**RECORDED INFORMATION**
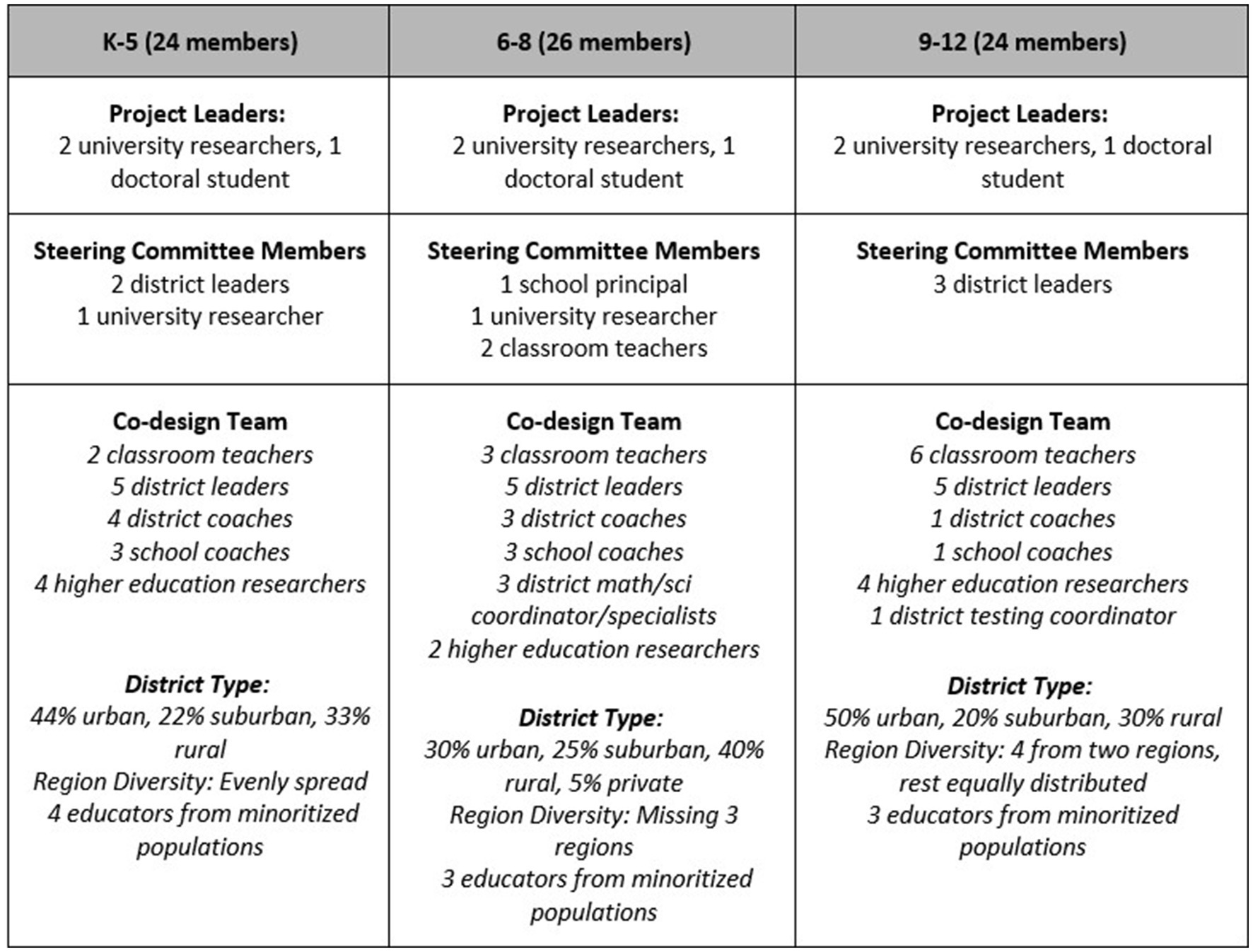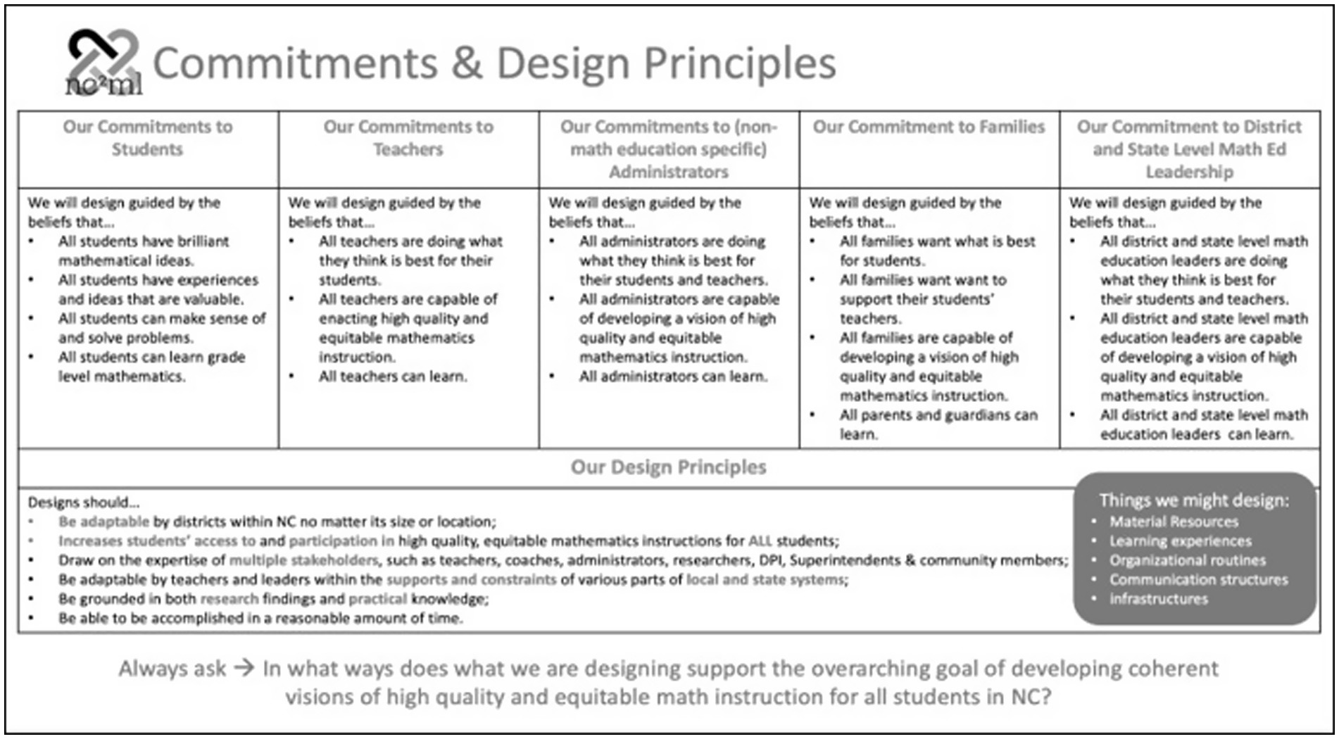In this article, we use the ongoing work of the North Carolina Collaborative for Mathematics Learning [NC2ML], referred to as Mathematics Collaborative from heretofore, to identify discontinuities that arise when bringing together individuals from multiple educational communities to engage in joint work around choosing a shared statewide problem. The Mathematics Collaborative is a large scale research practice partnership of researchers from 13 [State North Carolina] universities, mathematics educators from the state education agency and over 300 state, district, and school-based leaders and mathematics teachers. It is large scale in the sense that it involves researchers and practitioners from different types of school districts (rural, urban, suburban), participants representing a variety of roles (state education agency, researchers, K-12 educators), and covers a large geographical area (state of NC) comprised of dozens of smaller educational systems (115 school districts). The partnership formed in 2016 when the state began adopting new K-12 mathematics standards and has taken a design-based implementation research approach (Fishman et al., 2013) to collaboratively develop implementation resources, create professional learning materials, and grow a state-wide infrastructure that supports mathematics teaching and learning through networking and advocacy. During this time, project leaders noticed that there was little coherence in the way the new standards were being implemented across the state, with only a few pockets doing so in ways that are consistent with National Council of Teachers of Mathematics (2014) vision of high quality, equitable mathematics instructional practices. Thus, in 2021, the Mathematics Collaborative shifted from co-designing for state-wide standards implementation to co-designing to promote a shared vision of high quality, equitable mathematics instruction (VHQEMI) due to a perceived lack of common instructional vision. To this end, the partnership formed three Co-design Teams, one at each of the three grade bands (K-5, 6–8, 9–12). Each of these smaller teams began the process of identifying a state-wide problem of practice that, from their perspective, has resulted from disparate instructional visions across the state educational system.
--
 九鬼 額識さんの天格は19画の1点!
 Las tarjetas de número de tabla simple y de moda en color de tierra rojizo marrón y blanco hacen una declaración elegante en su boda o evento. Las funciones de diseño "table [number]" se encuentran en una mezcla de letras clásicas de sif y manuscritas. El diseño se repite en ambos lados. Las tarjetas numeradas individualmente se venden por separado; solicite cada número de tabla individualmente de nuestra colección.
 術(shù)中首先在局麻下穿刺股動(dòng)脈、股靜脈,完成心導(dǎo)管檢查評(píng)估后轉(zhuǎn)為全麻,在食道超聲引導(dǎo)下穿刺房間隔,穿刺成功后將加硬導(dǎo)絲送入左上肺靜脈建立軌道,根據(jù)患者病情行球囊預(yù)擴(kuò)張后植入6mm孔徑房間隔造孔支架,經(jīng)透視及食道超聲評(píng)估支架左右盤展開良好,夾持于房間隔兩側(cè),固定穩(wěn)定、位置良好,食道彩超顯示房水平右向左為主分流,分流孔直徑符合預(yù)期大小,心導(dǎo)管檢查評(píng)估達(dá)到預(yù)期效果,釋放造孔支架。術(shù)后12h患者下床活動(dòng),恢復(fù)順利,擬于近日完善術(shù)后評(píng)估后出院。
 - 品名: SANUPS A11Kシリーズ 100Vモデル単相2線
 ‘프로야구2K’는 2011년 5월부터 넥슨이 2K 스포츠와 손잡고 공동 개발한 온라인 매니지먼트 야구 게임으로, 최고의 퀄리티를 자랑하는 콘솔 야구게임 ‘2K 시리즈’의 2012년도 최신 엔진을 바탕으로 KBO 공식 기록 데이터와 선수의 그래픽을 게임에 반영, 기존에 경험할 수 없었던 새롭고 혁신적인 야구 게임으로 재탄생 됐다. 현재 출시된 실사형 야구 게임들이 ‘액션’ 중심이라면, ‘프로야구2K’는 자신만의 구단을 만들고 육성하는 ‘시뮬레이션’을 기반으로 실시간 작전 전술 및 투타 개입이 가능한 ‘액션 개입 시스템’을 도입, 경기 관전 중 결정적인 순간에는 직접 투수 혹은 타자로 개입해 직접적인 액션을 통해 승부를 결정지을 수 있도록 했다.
* * *
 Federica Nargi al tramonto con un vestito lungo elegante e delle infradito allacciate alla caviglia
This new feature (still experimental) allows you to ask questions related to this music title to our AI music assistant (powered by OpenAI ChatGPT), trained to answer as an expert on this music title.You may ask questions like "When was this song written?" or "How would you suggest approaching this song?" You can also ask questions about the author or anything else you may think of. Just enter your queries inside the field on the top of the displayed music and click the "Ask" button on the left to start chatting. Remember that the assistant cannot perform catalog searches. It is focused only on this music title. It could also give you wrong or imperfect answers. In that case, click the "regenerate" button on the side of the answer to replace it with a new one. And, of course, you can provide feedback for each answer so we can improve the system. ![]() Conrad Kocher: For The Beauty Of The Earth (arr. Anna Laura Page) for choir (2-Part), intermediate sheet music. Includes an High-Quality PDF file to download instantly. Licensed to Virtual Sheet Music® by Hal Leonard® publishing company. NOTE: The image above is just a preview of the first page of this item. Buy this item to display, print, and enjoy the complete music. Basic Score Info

**WHAT THE TASK ASKS**
Please find out how many lines of the material contain the string "elegante" and answer with the count alone.

**THE ANSWER**
2